**WHAT YOU WILL DO**. All lines from the one that contains "Самокат триколісний дитячий" through the close of the entries below are to be repeated exactly, without any pictures.
+ + + + + + +
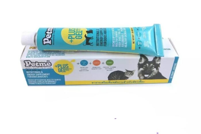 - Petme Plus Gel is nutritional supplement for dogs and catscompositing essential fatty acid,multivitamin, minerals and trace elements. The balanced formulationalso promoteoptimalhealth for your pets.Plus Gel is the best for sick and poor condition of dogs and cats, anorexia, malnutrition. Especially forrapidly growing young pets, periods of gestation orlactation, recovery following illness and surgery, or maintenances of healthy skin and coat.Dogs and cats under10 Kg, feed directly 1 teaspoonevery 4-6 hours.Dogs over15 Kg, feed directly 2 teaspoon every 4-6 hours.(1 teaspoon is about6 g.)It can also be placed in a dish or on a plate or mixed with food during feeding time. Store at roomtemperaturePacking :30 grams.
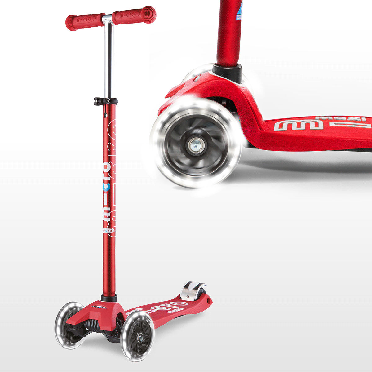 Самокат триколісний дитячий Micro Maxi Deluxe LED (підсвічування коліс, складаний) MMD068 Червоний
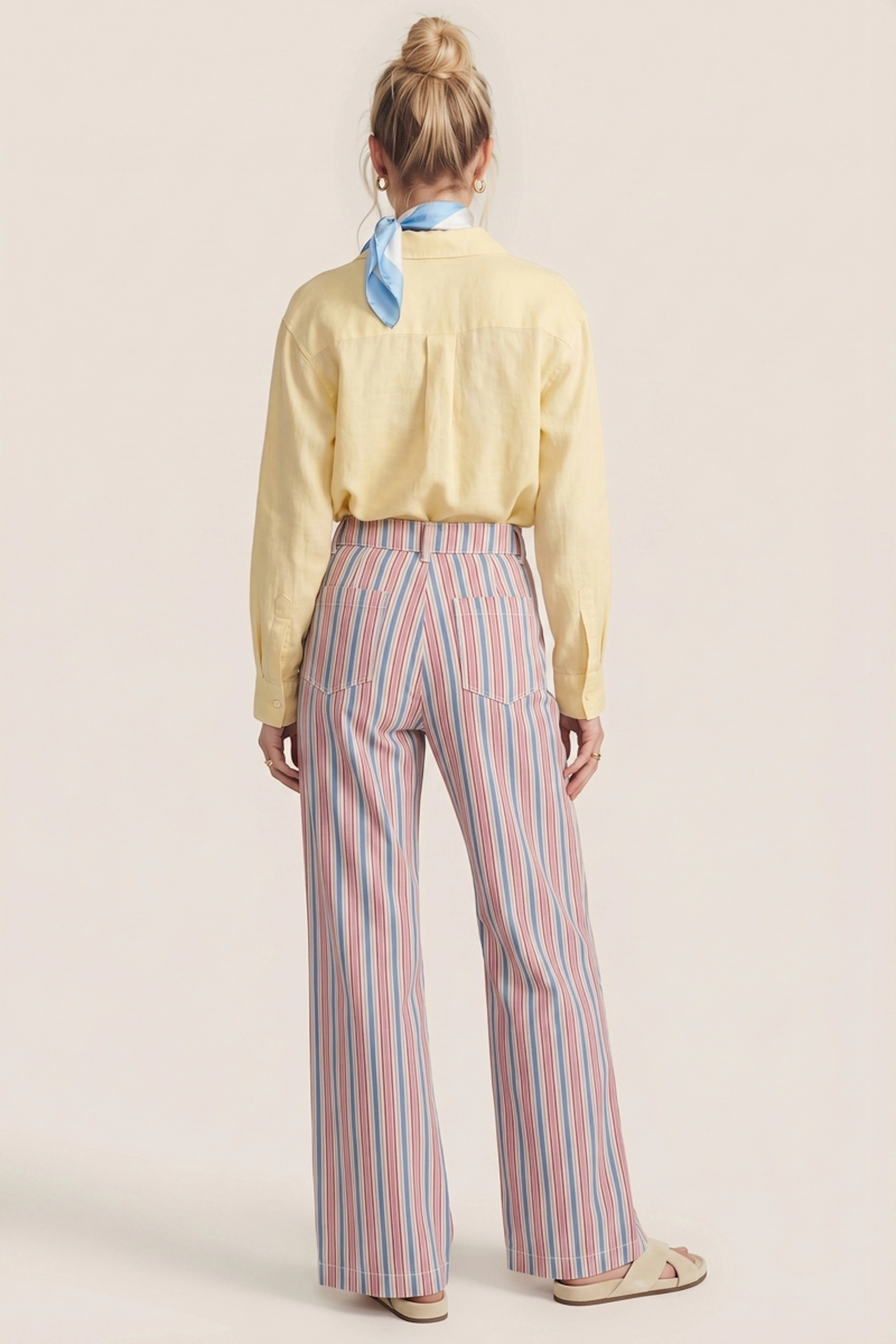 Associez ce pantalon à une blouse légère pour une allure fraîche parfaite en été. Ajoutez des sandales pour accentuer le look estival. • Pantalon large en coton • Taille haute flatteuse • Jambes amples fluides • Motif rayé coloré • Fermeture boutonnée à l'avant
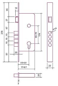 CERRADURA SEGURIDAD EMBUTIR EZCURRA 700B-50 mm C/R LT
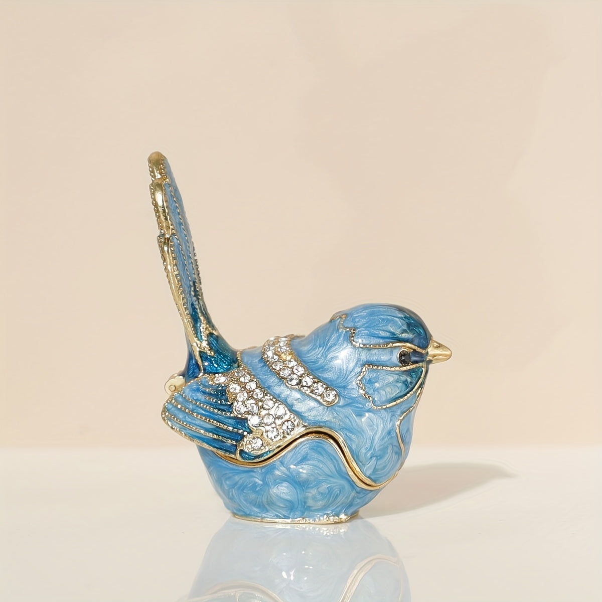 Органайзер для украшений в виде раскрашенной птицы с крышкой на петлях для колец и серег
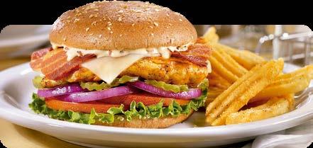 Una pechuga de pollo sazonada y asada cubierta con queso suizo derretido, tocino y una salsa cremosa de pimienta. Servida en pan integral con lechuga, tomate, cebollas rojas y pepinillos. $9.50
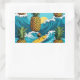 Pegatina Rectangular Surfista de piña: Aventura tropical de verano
+ + + + + + +
**PROBLEM SOLUTION**.
 Самокат триколісний дитячий Micro Maxi Deluxe LED (підсвічування коліс, складаний) MMD068 Червоний
 Associez ce pantalon à une blouse légère pour une allure fraîche parfaite en été. Ajoutez des sandales pour accentuer le look estival. • Pantalon large en coton • Taille haute flatteuse • Jambes amples fluides • Motif rayé coloré • Fermeture boutonnée à l'avant
 CERRADURA SEGURIDAD EMBUTIR EZCURRA 700B-50 mm C/R LT
 Органайзер для украшений в виде раскрашенной птицы с крышкой на петлях для колец и серег
 Una pechuga de pollo sazonada y asada cubierta con queso suizo derretido, tocino y una salsa cremosa de pimienta. Servida en pan integral con lechuga, tomate, cebollas rojas y pepinillos. $9.50
 Pegatina Rectangular Surfista de piña: Aventura tropical de verano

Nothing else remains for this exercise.